Donald Trump, in a blue suit, talking on a phone while sitting at a table draped in black with a silver bowl on it.
Former President Donald Trump made phone calls to voters after a town hall event in Michigan last month.Credit...Doug Mills/The New York Times

Oct. 5, 2024, 5:02 a.m. ET

As Vice President Kamala Harris and former President Donald J. Trump begin the final 30-day push for the White House, they are locked in a neck-and-neck race from the Rust Belt to the Sun Belt.

With polling averages showing all seven battleground states nearly tied, many Democrats believe their biggest advantage may be an extensive ground game operation that their party has spent more than a year building across the country. Mr. Trump’s campaign thinks that recent events — the escalating conflict in the Middle East and deadly hurricanes that have killed more than 200 people across the Southeast — will give them an edge in the final weeks.

In some ways, the two approaches mirror the final days of the 2016 race, when Hillary Clinton’s campaign boasted about a massive, data-driven field organization while Mr.
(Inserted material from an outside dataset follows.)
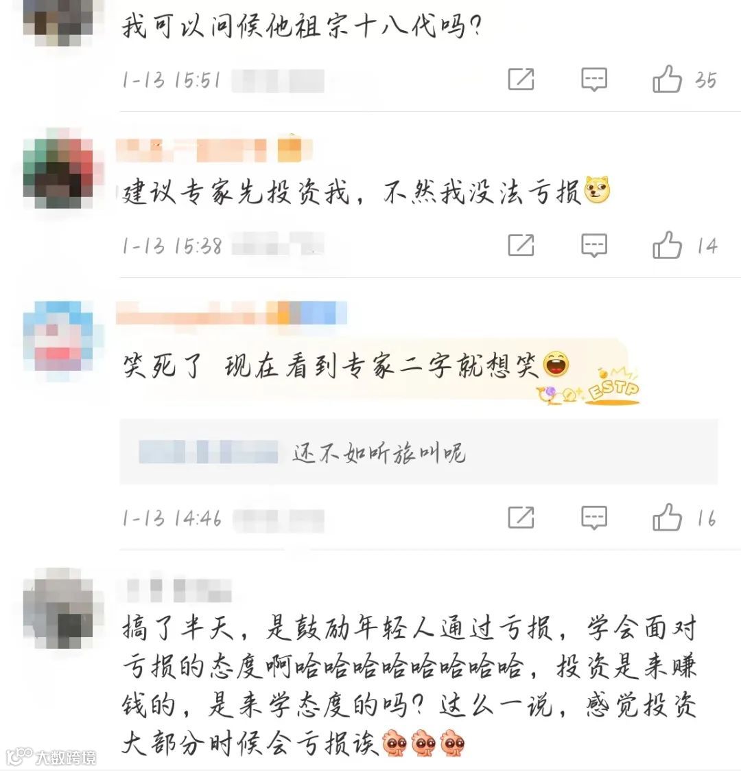 “这句话的意思是:不要因为害怕亏损而不投资,而不是叫你为了亏损而去投资。真正要担心的是不学习,不进步,下次继续犯同样的错误。看了下评论,终于明白了,为什么一些人注定亏钱……难怪我的神色如此凝重啊 ……”

Trump pressed a national message based on stoking anti-immigrant sentiment and improving the economy with a relatively meager staff and almost no field operation in the key states. Mr. Trump, of course, prevailed, helped by the F.B.I. director’s reopening of an inquiry into the Democratic nominee’s emails.

This time, Democrats have no such overconfidence. Although Mr. Trump and his party have lost or underperformed in every major election since then, many Democrats believe this year is one they could lose.

“Anybody would be a fool to write Trump off,” said Julián Castro, the former San Antonio mayor who ran for president in 2020. “I think she’s going to win, but am I absolutely sure she’s going to win? No. The 2016 experience taught all of us that you can’t count this guy out.”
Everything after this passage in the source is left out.